**Aim of the task**
Print the data that follows word for word, leaving out any picture.

**Supplied data**
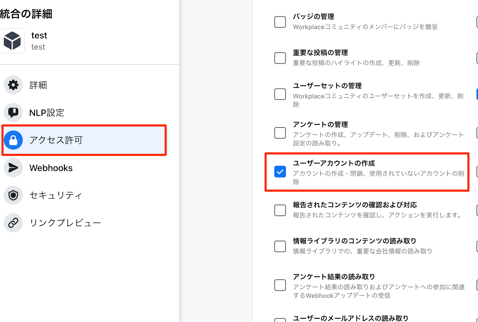 custom integrationにて左サイドバーの『アクセス許可』から『ユーザーアカウントの作成』にチェックを入れ『保存』ボタンを押下します。
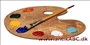 palet (latin lille spade) oval eller håndrigtig træplade, malere blander deres farver på;
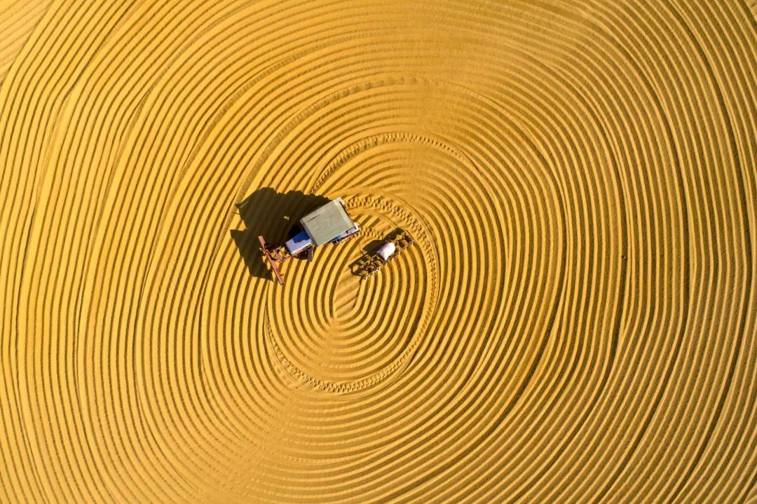 在江苏省淮安市白马湖农场,庞大的农机把谷物均匀地涂抹在大地上,划出一圈圈波纹,秋收是金色的漩涡。

**Worked solution**
 custom integrationにて左サイドバーの『アクセス許可』から『ユーザーアカウントの作成』にチェックを入れ『保存』ボタンを押下します。
 palet (latin lille spade) oval eller håndrigtig træplade, malere blander deres farver på;
 在江苏省淮安市白马湖农场,庞大的农机把谷物均匀地涂抹在大地上,划出一圈圈波纹,秋收是金色的漩涡。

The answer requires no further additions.